Три ночи снился ему этот приятный сон. Чувствуешь себя таким легким… Да, отлично было бы, если бы можно было летать так просто: слегка оттолкнешься ногой и… Томшик оглянулся. Никого кругом. Томшик так, скорее шутки ради, разбежался и оттолкнулся левой ногой, словно прыгая через лужу… и вдруг вознесся на три-четыре метра и невысокой дугой пролетел над землей. Он даже не удивился: это и в самом деле оказалось совсем просто и лишь приятно волновало, как катание на карусели. Томшик чуть не закричал в мальчишеском восторге.

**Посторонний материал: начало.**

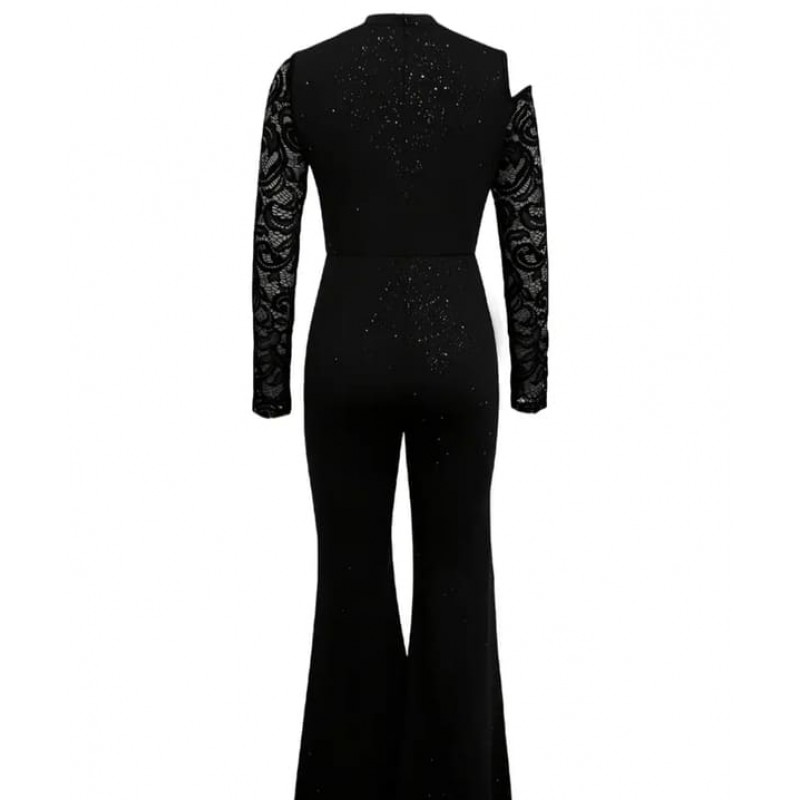 Официален гащеризон с дантелени ръкавиРазмер S и Mчерен официален гащеризон с остро деколте и цип на..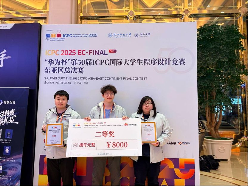 2026年1月31日-2月2日,“华为杯”第 50 届 ICPC 国际大学生程序设计竞赛东亚区总决赛在杭州师范大学落下帷幕,本次大赛有北京大学、清华大学、上海交通大学等东亚地区138所高校,280支队伍参赛。我校ACM战队历经亚洲区域赛成都站、沈阳站选拔,最终有1支队伍获得亚洲区决赛资格。在亚洲区决赛场上,我校选手历经5个小时的激烈竞争,最终由董柯演、张皓宇、章振杰三位同学组成的队伍获得本次比赛银奖,其中,我校排名为全国第41,上海市高校第三,并在同步进行的华为挑战赛中获得全国二等奖,这也是我校参加该项赛事以来,首次校排名进入全国前50,创下我校参加该项赛事取得的最好成绩。

Пролетев метров тридцать, он уже приблизился было к земле, но увидел, что опускается в самую грязь. Тогда он заболтал ногами, как делал во сне, и в самом деле опять взлетел повыше, пролетел еще метров пятнадцать и легко опустился за спиной какого-то прохожего, шагавшего из Страшнице. Тот подозрительно оглянулся, ему явно не понравилось, что рядом с ним появился человек, шагов которого он не слышал. Томшик обогнал его с самым непринужденным видом, хотя в душе немного побаивался, как бы, сделав слишком энергичный шаг, не оторваться от земли и не взлететь опять.

«Надо это хорошенько проверить», – сказал он себе и по той же пустынной дороге направился домой. Но, как назло, ему то и дело попадались прохожие – то влюбленные парочки, то железнодорожники. Тогда он свернул на пустырь, где годами была городская свалка. Уже совсем стемнело, но Томшик не хотел откладывать пробы, опасаясь, что до завтра разучится летать. Он оттолкнулся очень робко, взлетел на какой-нибудь метр и довольно тяжело опустился на землю. Во второй раз он помогал себе руками, словно плавая, пролетел добрых восемьдесят метров, даже сделал полукруг и сел на землю легко, как стрекоза. Томшик хотел было попробовать еще раз, но тут на него упал сноп света и грубый голос спросил: «Вы что тут делаете?»

Это был полицейский патруль.

Томшик страшно смутился и забормотал, что он тут «немного упражняется».

– Проваливайте упражняться куда-нибудь подальше! – гаркнул полицейский. – Здесь нельзя!

Томшик, правда, не понял, почему здесь нельзя, а в другом месте можно, но так как он был дисциплинированный гражданин, то пожелал полицейскому покойной ночи и поспешно удалился, опасаясь только одного – как бы, упаси боже, опять не взлететь. Попадешь, чего доброго, под подозрение полиции. Только около Государственного института здравоохранения он снова подпрыгнул, легко перемахнул через ограду и, помахивая руками, пролетел над институтским садом и спланировал на Коронном проспекте, прямехонько перед какой-то служанкой с кувшинчиком пива. Та взвизгнула и пустилась наутек. Томшик прикинул, сколько он пролетел: метров двести. Отлично для начала!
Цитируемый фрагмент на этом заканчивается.